Security is about to be beefed up at some community colleges after lawmakers passed a bill this year letting 17 community colleges have armed officers.
On Thursday, the Board of Regents set up a formal process to apply.
Manchester Community College said it is ready, and they are submitting a plan to do it.
It isn’t uncommon to see officers on the campus of Manchester Community College. The college has seven, who work six days a week.
The only thing that will be different is that they will be carrying guns.
"I think it’s the sign of our times --- these are more dangerous times,” said college student Joe Carlson.
Shootings and violence on school campuses has convinced some students more security is needed.
Four years ago, a man with a gun was spotted on campus. The school was in lock down for seven hours, and there really wasn’t much campus police could do. They had to wait for Manchester police to secure roads and investigate.

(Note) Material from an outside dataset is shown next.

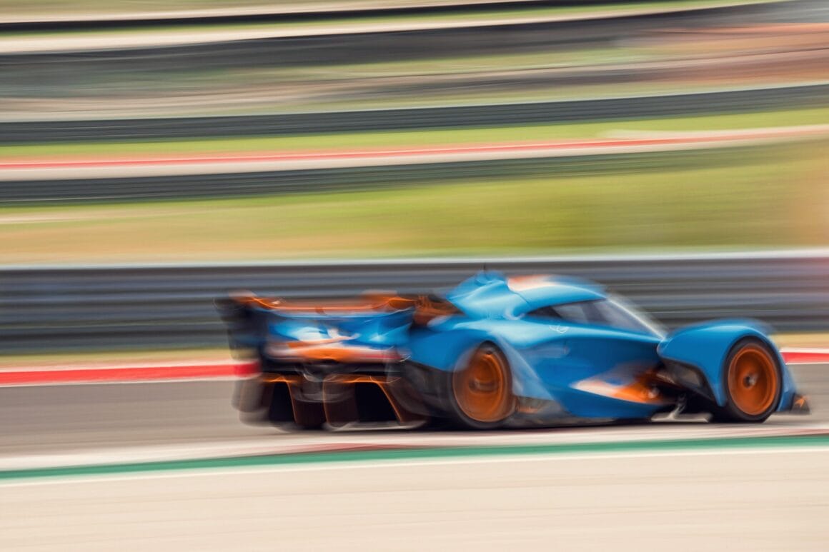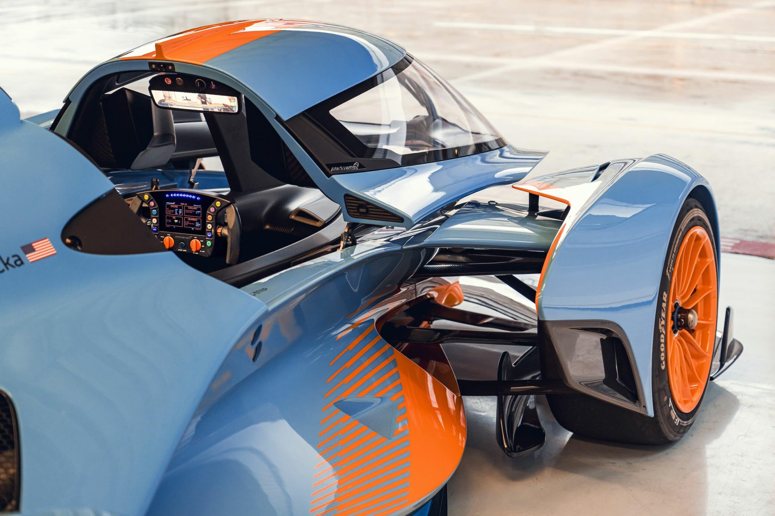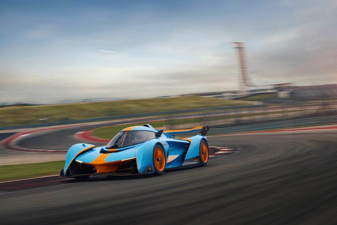 Cette Solus GT coûte plus de 3,7 millions de dollars pour qui en veut et a des moyens. Le fait d’être éditeur d’un des plus gros web-site d’autos déjantées extraordinaires et d’avoir été créateur de Chromes&Flammes, est un Pass vers l’absolu qui permet de me familiariser avec l’extraordinaire telle cette Solus, même lorsqu’on peut la toucher pour apprécier ses détails (les longs tunnels venturi, l’architecture des suspensions complexes, l’élégant cockpit étroit – il y a quelque chose d’irréel à être là…. Seulement 25 Solus GT seront produites, et il est facile d’imaginer qu’elles ont été téléportées du futur. Aux couleurs familières de Gulf, cette Solus GT se transforme en un bleu inimitable à grande vitesse sur le Circuit des Amériques à Austin, Texas, USA.

Manchester Community College President Gena Glickman said if campus police were armed, the lockdown could have been much shorter.
"We operate like other police departments. This makes the campus police specialty designated,” Glickman said.
"As long as they know what they are doing, I am for it. It’s better than us running around not knowing what to do,” said student Rachel Labonti.
Manchester’s officers are already trained.
"If they are properly trained than I don't have a problem with it,” said college student Cathy Aforismo.
The plan is optional and for some colleges it will take more time because only certified officers are allowed to carry guns.
As for the cost, Manchester said it really won’t be much of an issue and they feel this is a good way to make their campus safer.